# Raising White Worms



## Donald Hansen (Jan 21, 2011)

I don't know how many people raise their own White Worms but it's easy to do. The main thing is finding a cool place to keep them. My basement works just fine. The first picture shows what I feed to the fish every 3 days. The second picture shows the White Worms on top of the soil. They don't seem to borrow into the soil itself. The third picture shows how I feed the baby cereal. In 24 hours the box will look like picture 2.

DLH


----------



## majerah1 (Oct 29, 2010)

Would you say these are easier than grindals?I culture grindals for my bettas,and was thinking of whiteworms too.


----------



## FAIRCHILD (Jun 30, 2011)

Do you sell any cultures?


----------



## Donald Hansen (Jan 21, 2011)

majerah1
Never raised Grindals so I wouldn't know. White Worms are not hard to raise if you have a cool place to do it. I would have to do a search but I think it has to be below 65 F. If you are interested I can do a more detailed description of how to do it.

28Photos
I got my culture from Angels Plus for $5.50, it's now $6.50. That includes shipping. They send a golf ball size of dirt with the worms.
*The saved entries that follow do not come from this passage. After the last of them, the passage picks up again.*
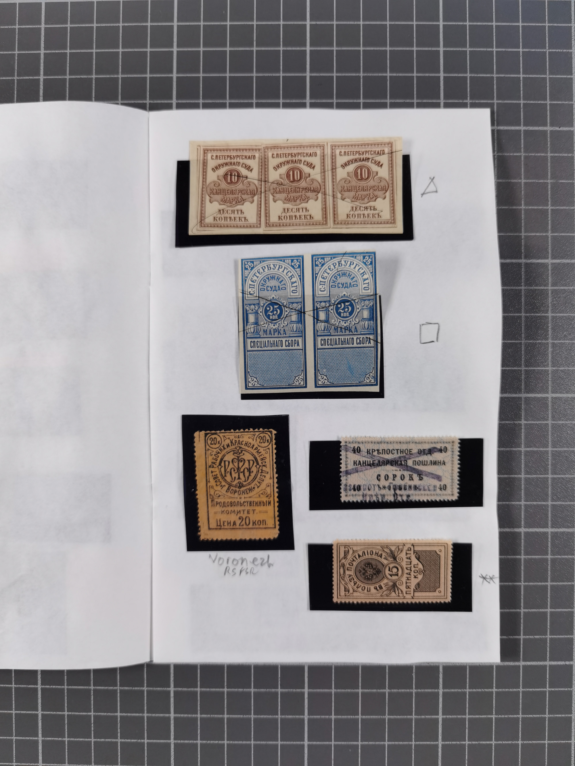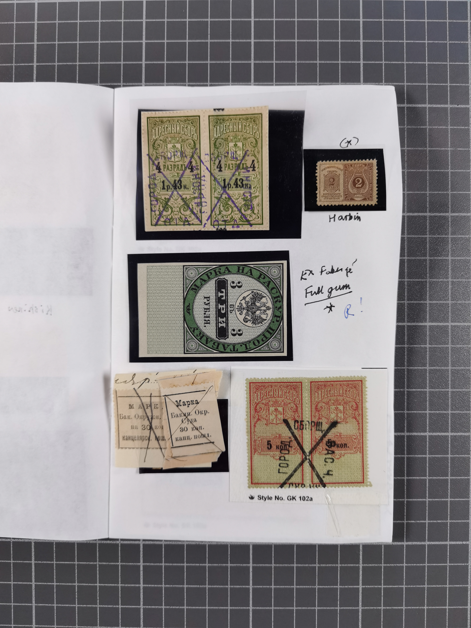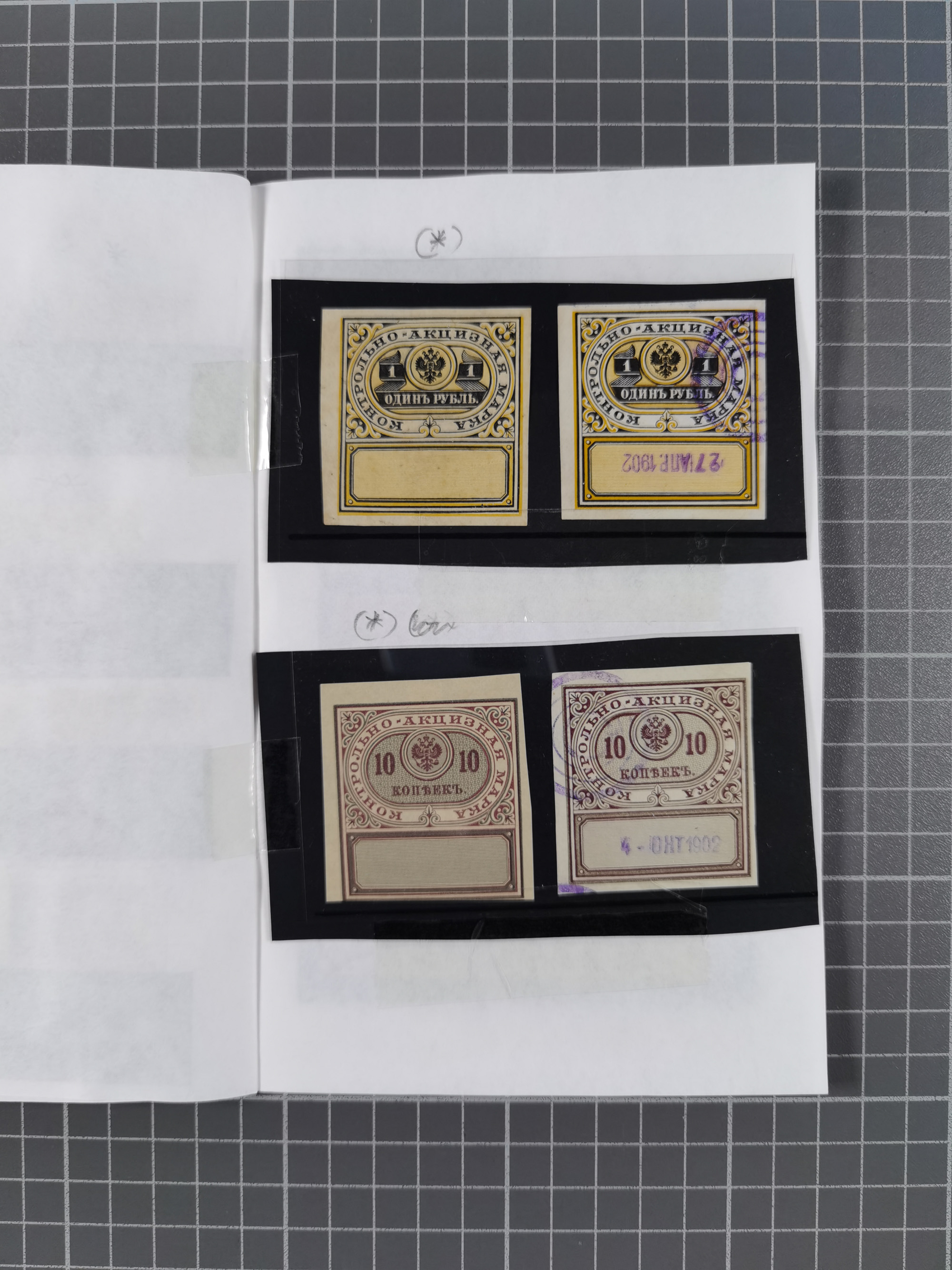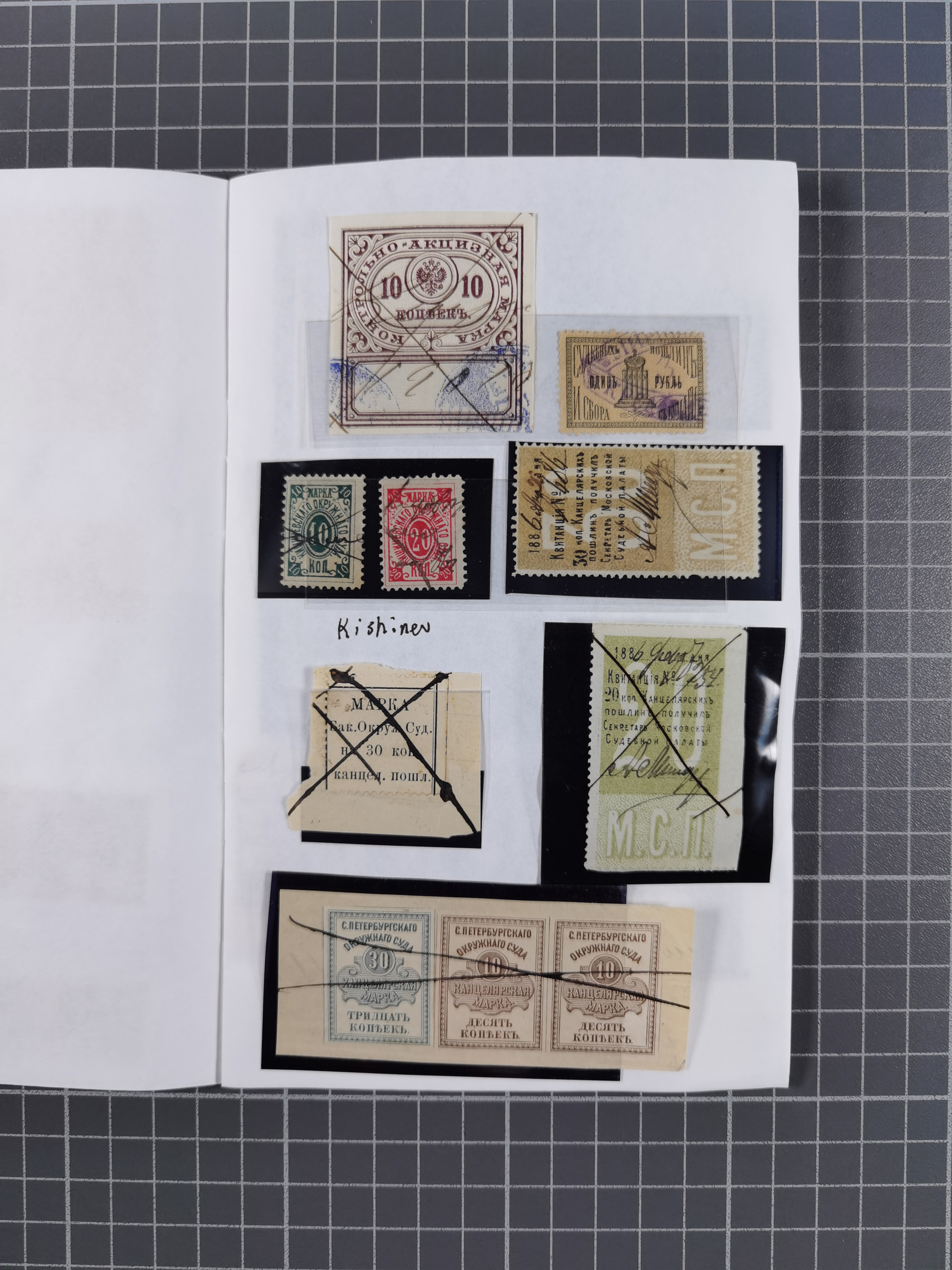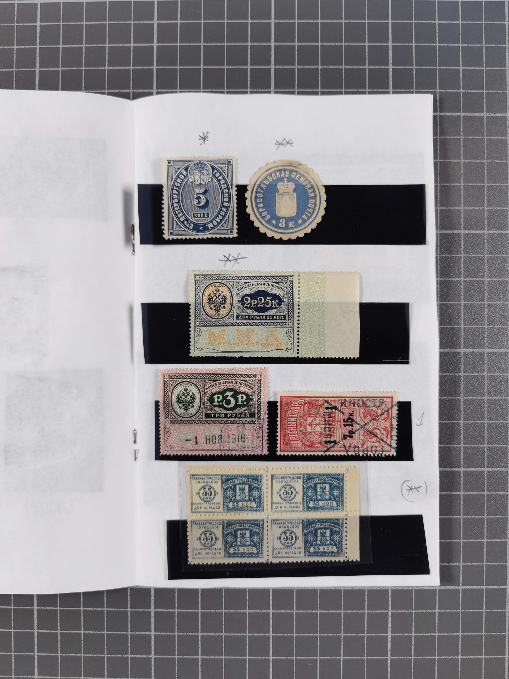 1880/1923 (ca.), Russian Fiscals and Zemstvo, group of unused/used including some multiples, noted Moscow chancellery, Simbirsk, Armavir, Voronezh and more, 1871 “Tabak” 3 roubles green imperforate unused (Standart-Nr. 5, ex Fabergé), small Zemstvo part with Ustssissolsk, Krememchug, Borigolevsk, etc, except for the occasional fault mostly in fine condition, an interesting assembly neatly housed in two booklets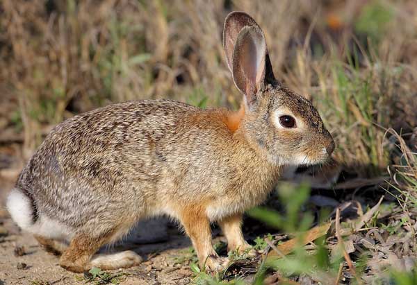 野兔头小,长有一对比家兔小得多的耳朵,与穴兔相比耳朵稍长一些,耳尖呈黑色,成年野兔一般耳长13 厘米,为身长的1/5 ,四肢细长、健壮,后肢十分强健,有力也比普通家兔长,敏捷,胆小,善于奔跑。体型相对于家兔来说要小得多,一般体长35~43 厘米,尾长7~9 厘米,成年野兔一般在2 .5~3 千克左右。
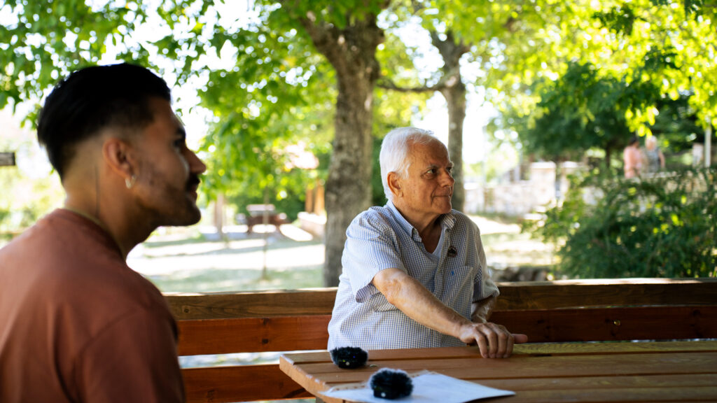 τον Γιάννη Πούλιο, που μεταφέρει τις ιστορίες και τις μνήμες της Μηλιάς και τον Γιώργο Πουλιάκη, στον αμπελώνα του οποίου η γη, το κρασί και η μνήμη γίνονται ένα.

I did a review on Angels Plus on 5/21/2011 so you can see in the second picture how the culture grew. You would think they are shipping fine crystal the way they pack it. Like I said above they don't like warmth so you might watch the weather for a cool spell before you order them.

DLH

DLH


----------



## Donald Hansen (Jan 21, 2011)

Did a search on how to raise Grindals. Looks to be exactly like what you would do to raise White Worms only the Grindals are about half the size of a White Worm. Think I'm going to look into that because right now I have to chop up the White Worms to make sure the Rasboras and other small fish can handle them.

DLH


----------